Transcribe the whole listing without a single picture.

> _MATERIAL PROVIDED_
====================

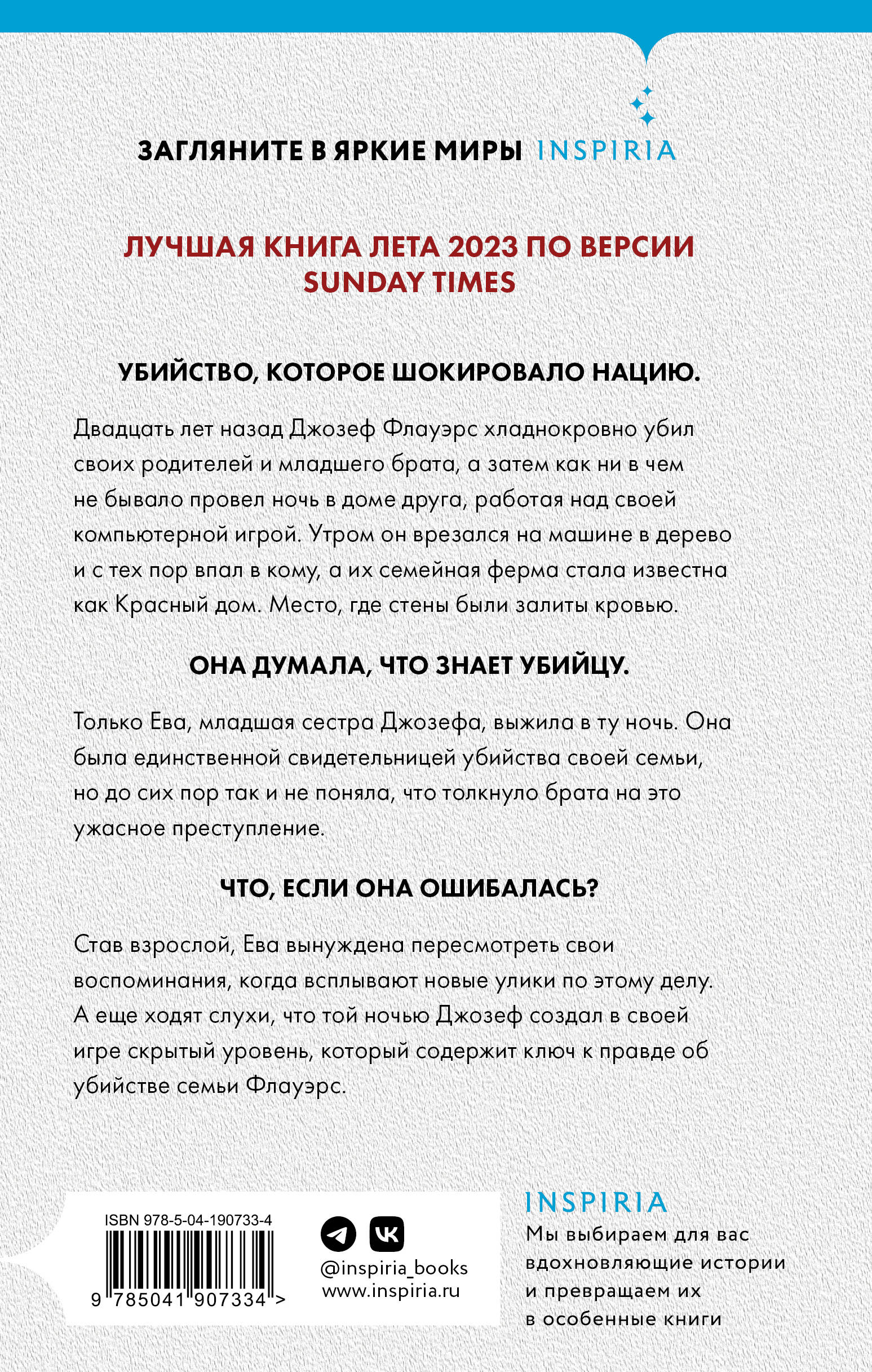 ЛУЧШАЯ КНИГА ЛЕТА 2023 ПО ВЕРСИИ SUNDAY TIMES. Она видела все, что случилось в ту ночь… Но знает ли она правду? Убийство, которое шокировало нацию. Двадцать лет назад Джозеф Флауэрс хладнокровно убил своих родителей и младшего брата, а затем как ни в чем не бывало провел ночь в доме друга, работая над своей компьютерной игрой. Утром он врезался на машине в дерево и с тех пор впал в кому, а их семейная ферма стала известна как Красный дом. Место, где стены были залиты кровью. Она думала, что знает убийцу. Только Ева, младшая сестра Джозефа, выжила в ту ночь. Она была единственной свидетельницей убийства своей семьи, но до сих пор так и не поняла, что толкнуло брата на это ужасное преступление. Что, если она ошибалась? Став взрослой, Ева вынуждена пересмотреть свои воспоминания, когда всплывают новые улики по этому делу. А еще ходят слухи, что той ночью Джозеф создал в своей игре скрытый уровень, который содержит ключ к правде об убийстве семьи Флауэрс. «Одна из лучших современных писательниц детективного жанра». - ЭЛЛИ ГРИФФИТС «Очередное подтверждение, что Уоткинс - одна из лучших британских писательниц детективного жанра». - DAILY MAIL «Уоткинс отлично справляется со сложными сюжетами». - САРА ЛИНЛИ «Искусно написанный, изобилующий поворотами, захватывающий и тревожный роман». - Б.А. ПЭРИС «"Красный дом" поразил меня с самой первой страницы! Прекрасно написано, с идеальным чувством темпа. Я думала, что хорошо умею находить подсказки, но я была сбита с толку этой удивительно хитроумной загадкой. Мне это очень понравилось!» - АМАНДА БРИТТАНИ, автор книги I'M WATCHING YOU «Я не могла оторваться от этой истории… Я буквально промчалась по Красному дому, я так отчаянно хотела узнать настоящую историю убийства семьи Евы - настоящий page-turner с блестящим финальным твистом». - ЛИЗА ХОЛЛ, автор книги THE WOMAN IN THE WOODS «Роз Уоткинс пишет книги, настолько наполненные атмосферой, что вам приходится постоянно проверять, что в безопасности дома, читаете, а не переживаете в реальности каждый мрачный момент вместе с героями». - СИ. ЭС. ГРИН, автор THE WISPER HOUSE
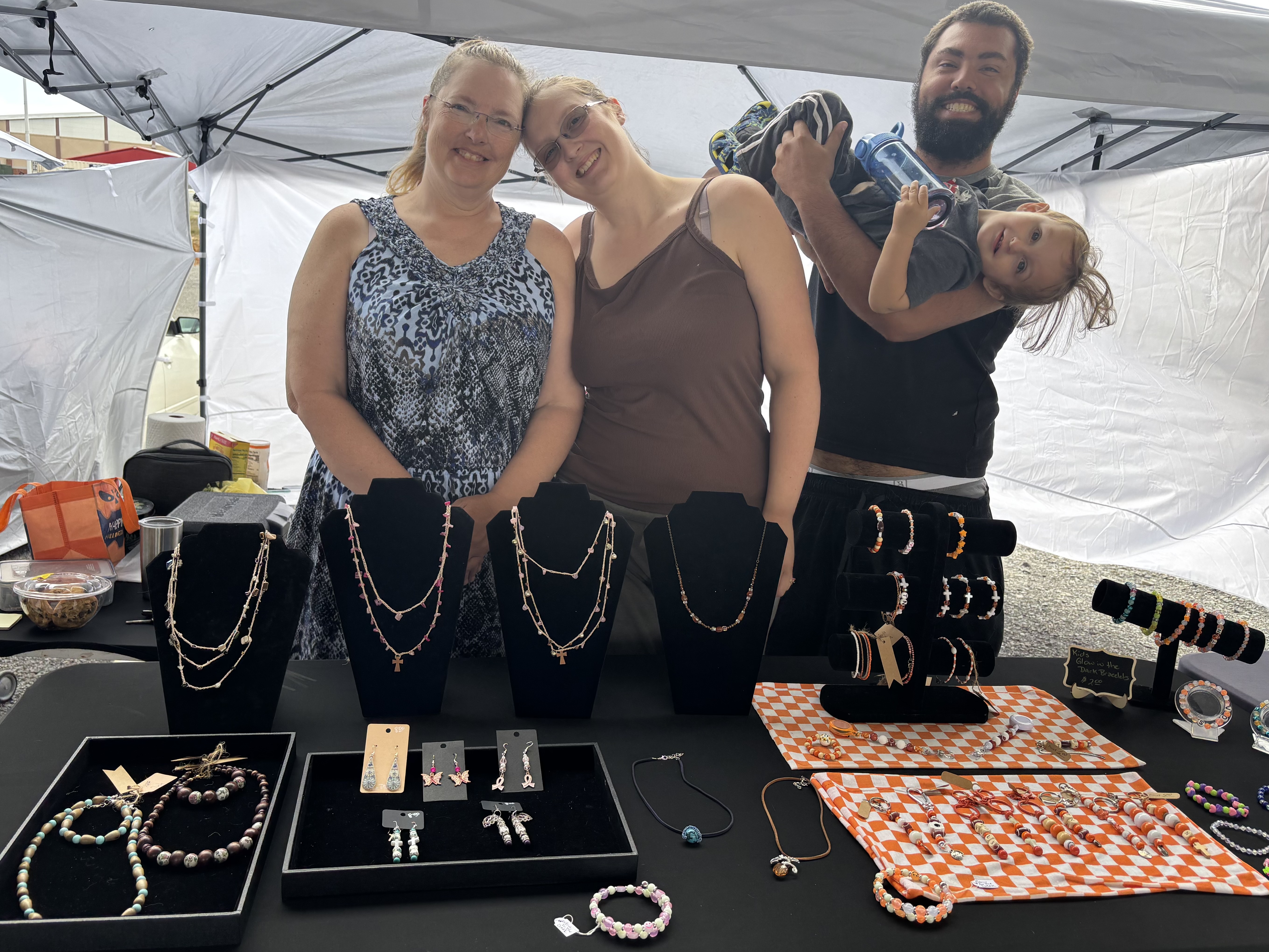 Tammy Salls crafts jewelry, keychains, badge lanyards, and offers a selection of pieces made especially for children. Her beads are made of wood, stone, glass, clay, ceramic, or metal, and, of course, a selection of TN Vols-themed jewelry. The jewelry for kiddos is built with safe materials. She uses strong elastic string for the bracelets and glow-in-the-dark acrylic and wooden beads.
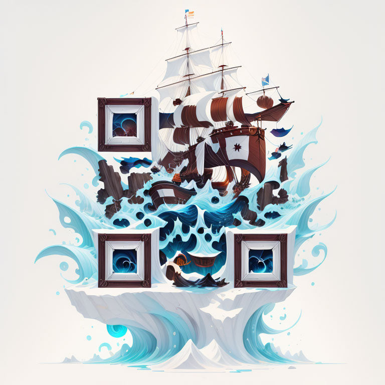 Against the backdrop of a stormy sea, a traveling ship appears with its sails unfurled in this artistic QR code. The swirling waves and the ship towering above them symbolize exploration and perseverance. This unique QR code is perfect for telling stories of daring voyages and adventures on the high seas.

====================

> _RESPONSE BELOW_
 ЛУЧШАЯ КНИГА ЛЕТА 2023 ПО ВЕРСИИ SUNDAY TIMES. Она видела все, что случилось в ту ночь… Но знает ли она правду? Убийство, которое шокировало нацию. Двадцать лет назад Джозеф Флауэрс хладнокровно убил своих родителей и младшего брата, а затем как ни в чем не бывало провел ночь в доме друга, работая над своей компьютерной игрой. Утром он врезался на машине в дерево и с тех пор впал в кому, а их семейная ферма стала известна как Красный дом. Место, где стены были залиты кровью. Она думала, что знает убийцу. Только Ева, младшая сестра Джозефа, выжила в ту ночь. Она была единственной свидетельницей убийства своей семьи, но до сих пор так и не поняла, что толкнуло брата на это ужасное преступление. Что, если она ошибалась? Став взрослой, Ева вынуждена пересмотреть свои воспоминания, когда всплывают новые улики по этому делу. А еще ходят слухи, что той ночью Джозеф создал в своей игре скрытый уровень, который содержит ключ к правде об убийстве семьи Флауэрс. «Одна из лучших современных писательниц детективного жанра». - ЭЛЛИ ГРИФФИТС «Очередное подтверждение, что Уоткинс - одна из лучших британских писательниц детективного жанра». - DAILY MAIL «Уоткинс отлично справляется со сложными сюжетами». - САРА ЛИНЛИ «Искусно написанный, изобилующий поворотами, захватывающий и тревожный роман». - Б.А. ПЭРИС «"Красный дом" поразил меня с самой первой страницы! Прекрасно написано, с идеальным чувством темпа. Я думала, что хорошо умею находить подсказки, но я была сбита с толку этой удивительно хитроумной загадкой. Мне это очень понравилось!» - АМАНДА БРИТТАНИ, автор книги I'M WATCHING YOU «Я не могла оторваться от этой истории… Я буквально промчалась по Красному дому, я так отчаянно хотела узнать настоящую историю убийства семьи Евы - настоящий page-turner с блестящим финальным твистом». - ЛИЗА ХОЛЛ, автор книги THE WOMAN IN THE WOODS «Роз Уоткинс пишет книги, настолько наполненные атмосферой, что вам приходится постоянно проверять, что в безопасности дома, читаете, а не переживаете в реальности каждый мрачный момент вместе с героями». - СИ. ЭС. ГРИН, автор THE WISPER HOUSE
 Tammy Salls crafts jewelry, keychains, badge lanyards, and offers a selection of pieces made especially for children. Her beads are made of wood, stone, glass, clay, ceramic, or metal, and, of course, a selection of TN Vols-themed jewelry. The jewelry for kiddos is built with safe materials. She uses strong elastic string for the bracelets and glow-in-the-dark acrylic and wooden beads.
 Against the backdrop of a stormy sea, a traveling ship appears with its sails unfurled in this artistic QR code. The swirling waves and the ship towering above them symbolize exploration and perseverance. This unique QR code is perfect for telling stories of daring voyages and adventures on the high seas.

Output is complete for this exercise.